In her new book “The Fabric of Civilization: How Textiles Made the World,” Virginia Postrel highlights how textiles shape our existence. Each chapter in her book represents a stage in the textile journey and outlines ways in which fabric drives technology, business, culture and politics. Consider, for instance, the important connection between cloth and chemistry that continues to play a critical role in advancing modern day performance textiles. Or, the fact that while fabric functionality has long been paramount, style, too, mattered throughout the ages, evidenced by a piece of garment cloth found in northern Peru that has blue stripes dating back 6000 years.

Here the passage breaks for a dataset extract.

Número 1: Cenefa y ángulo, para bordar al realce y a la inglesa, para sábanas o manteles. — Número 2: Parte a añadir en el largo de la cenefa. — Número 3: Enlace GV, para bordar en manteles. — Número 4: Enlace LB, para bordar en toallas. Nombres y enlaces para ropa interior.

I caught up with Virginia Postrel recently on the phone to talk about textiles past and present. She immediately hit on why the story of textiles is so compelling.“The great thing about textiles is that they can combine all different purposes! They can be functional, can be beautiful, can be symbolic, convey status and identity and can do all of these things at the same time. That makes them really powerful artifacts,” said Postrel, an award winning journalist and independent scholar, currently living in LA working as a columnist for Bloomberg Opinion. Here are excerpts from our conversation:

On Technology

“Textiles made a big leap when humans came to understand molecular chemistry. First with dyes. And then with the fundamental understanding of polymers and what a polymer is. The idea that you could shape chemicals and from the chemicals produce something that could be a fiber by using the characteristics of polymers, that was a huge breakthrough and that really changed the world.”

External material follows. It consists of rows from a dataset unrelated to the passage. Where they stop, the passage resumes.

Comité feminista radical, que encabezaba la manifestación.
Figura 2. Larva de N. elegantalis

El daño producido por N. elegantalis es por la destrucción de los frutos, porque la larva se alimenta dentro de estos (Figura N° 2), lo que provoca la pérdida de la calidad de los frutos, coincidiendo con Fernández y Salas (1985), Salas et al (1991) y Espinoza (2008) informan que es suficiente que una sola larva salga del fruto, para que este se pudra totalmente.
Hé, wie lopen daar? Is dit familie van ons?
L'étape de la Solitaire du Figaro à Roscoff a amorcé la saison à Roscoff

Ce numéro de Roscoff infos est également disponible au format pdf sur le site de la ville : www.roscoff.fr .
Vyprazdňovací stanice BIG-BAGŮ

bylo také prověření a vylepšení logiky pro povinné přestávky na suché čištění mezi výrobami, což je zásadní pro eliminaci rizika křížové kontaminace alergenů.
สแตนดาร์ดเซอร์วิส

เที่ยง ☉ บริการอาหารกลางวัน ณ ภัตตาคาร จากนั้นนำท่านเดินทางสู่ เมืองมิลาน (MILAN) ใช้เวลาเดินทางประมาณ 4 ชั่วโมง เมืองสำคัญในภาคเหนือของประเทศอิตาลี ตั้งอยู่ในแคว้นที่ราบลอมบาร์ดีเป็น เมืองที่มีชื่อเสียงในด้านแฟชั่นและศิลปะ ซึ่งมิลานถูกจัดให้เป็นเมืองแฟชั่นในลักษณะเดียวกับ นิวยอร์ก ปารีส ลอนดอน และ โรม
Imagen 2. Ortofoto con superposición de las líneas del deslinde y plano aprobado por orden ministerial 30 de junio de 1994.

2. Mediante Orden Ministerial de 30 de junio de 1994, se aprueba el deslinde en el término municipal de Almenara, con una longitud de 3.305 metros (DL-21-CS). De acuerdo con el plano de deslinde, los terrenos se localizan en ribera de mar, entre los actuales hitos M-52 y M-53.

(Postrel’s chapter on Innovators includes Wallace Carothers’ time at DuPont and the birth of synthetic fibers. His work, as head of the organic chemistry in DuPont’s new research lab, established the field of polymer science, which led to the creation of nylon.)  

On Climate Change

“Creating cloth seems to date back to the waning of the Ice Age; people used skins, hides and fur to protect from the cold. As the climate warmed, people, who had then gotten accustomed to wearing clothing, for modesty, or for prestige, now needed to deal with sweat. And textiles came out of that need. Textiles appeared to emerge roughly 10,000 years ago! We don’t know exactly. Earliest garments seem to have been modeled on animal skins if not made out of them.”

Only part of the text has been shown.